🎙️ Voice is AI-generated. Inconsistencies may occur.
Rainbow lighting honoring Pride Month will return to Jacksonville, Florida's Acosta Bridge after the state's transportation department reversed course and turned off the rainbow colors Tuesday night.
The Florida Department of Transportation said the colors were shut off because they violated regulations and cited the Jacksonville Transportation Authority's lighting permit for the Acosta Bridge that requires state permission for a temporary color change from its normal blue. However, Florida Governor Ron DeSantis spokeswoman Taryn Fenske told The Florida Times-Union said she did not understand why the department shut the lights off.
"The bottom line is, (the rainbow) lights will be back," Fenske told the paper and said they would return Wednesday evening.
The lighting supporting gay rights was planned by the Jacksonville Transportation Authority to be lit for the entire week. The Acosta Bridge has been lit multiple times in celebrations of patriotic holidays and other reasons.
For more reporting from the Associated Press, see below.

The state-owned Acosta Bridge returned to its normal blue lighting Tuesday night.
Pride Month commemorates the struggle for gay rights. The state has allowed numerous celebratory lighting displays on the bridge to also celebrate the Jacksonville Jaguars football team and raise disease awareness.
It was the second time this month that the state rejected a rainbow lighting display for a bridge.

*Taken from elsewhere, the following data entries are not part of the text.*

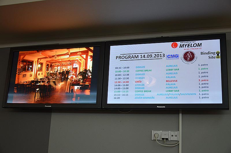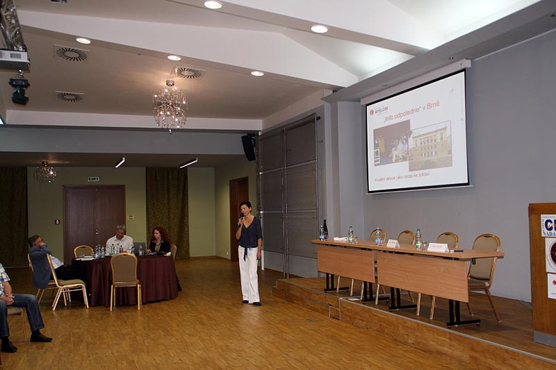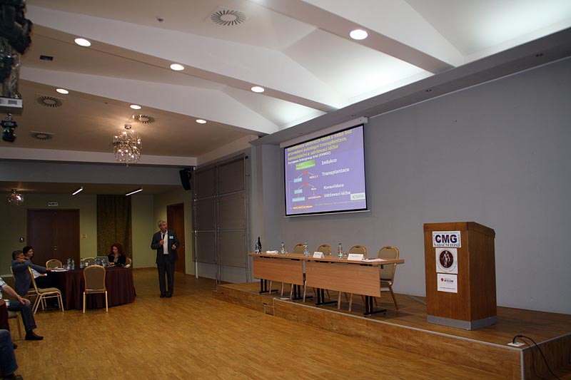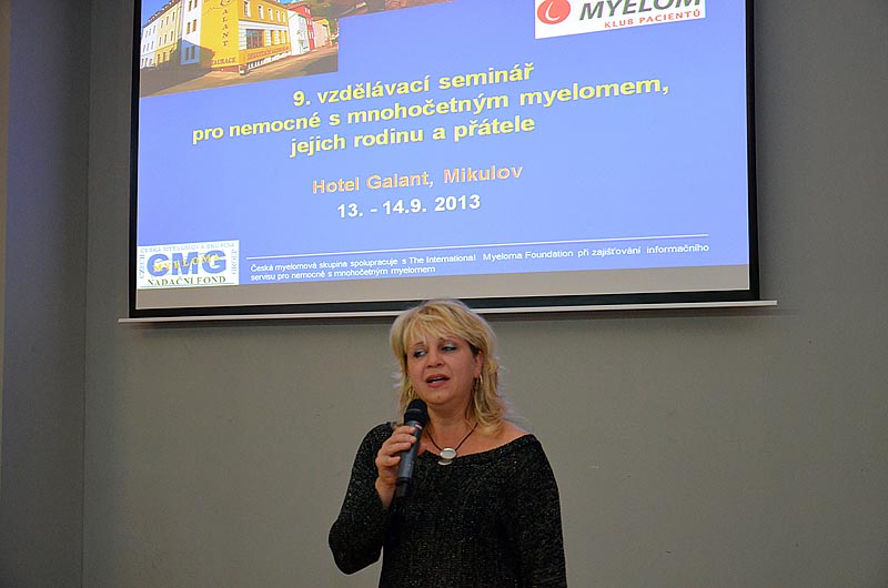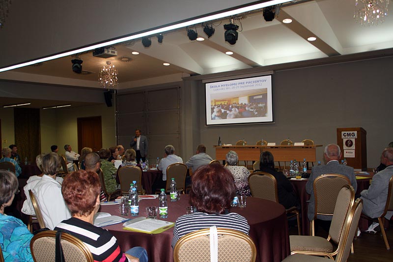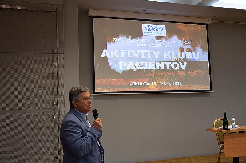 Pak už se střídali přednášející přesně podle programu. Prof. R. Hájek se zaměřil ve svém příspěvku na spolupráci v rámci provádění klinických studií s European Myeloma Network a shrnul nejdůležitější projekty a vysvětlil jejich význam pro pacienty s MM. Bohatou činnost Klubu pacientů mnohočetný myelom tentokrát představila koordinátorka Klubu Mgr. Alice Onderková a svůj příspěvek připravila jako odpovědi na otázky, které vyjadřují oblíbenost jednotlivých aktivit. Jejím komentářům souhlasně přikyvovali všichni přítomní. Nový projekt Klubu pacientov Slovenskej myelomovej spoločnosti „Návrat ku zdraviu“ ve svém sdělení přiblížil doc. M. Hrianka.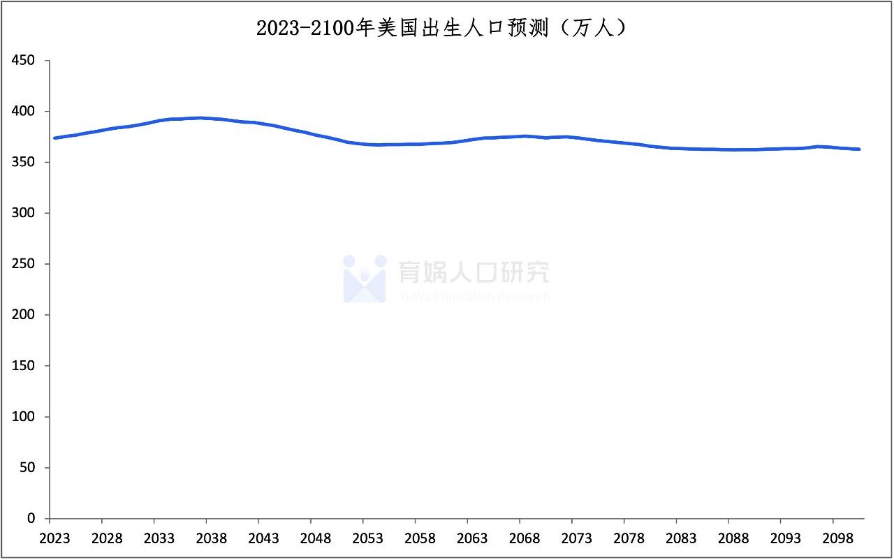 根据上述预测,从2023-2100年,美国出生人口在360万至395万之间波动,2050年出生人口为370万,2100年出生人口为363万。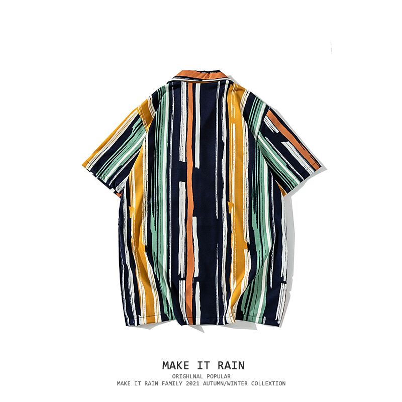 スタンダードスタイルストライプシャツ サマールーズカジュアルジャケット レトロ 夏物 MAKE_ITRAIN86903035207

The state transportation department said on Tuesday that its original decision to shut off the rainbow lights was not motivated by anti-gay animus. It said the Jacksonville authority's permit for lighting the Acosta requires it to maintain a certain color scheme unless it receives state permission for a temporary change.
DeSantis, a Republican, was criticized last week when, on the first day of Pride Month, he signed a law banning transgender athletes from participating in school sports.
The state had earlier rejected Sarasota's request to light its John Ringling Causeway Bridge with rainbow lights this month despite also permitting other displays there. The governor's office did not immediately respond to a Wednesday email from AP asking whether that display will also now be allowed.
According to the state's bridge lighting policy, the transportation department can reject any temporary color scheme it deems offensive or not in the public's best interest. It also says special lighting displays should be limited to federal or state holidays or celebrations and "events of broad community interest and significance approved by local governments." Fenske said those policies will be reviewed.
The Times-Union reported that the Acosta Bridge is frequently lit in different color schemes. Last month, it was lit in teal to honor the Jaguars for drafting star quarterback Trevor Lawrence; green for mental health month; blue and green to raise awareness of neurofibromatoses, a neurological disorder that causes tumors; light blue for amyotrophic lateral sclerosis, the fatal condition commonly called Lou Gehrig's disease; purple for lupus awareness; and red, white and blue for Memorial Day.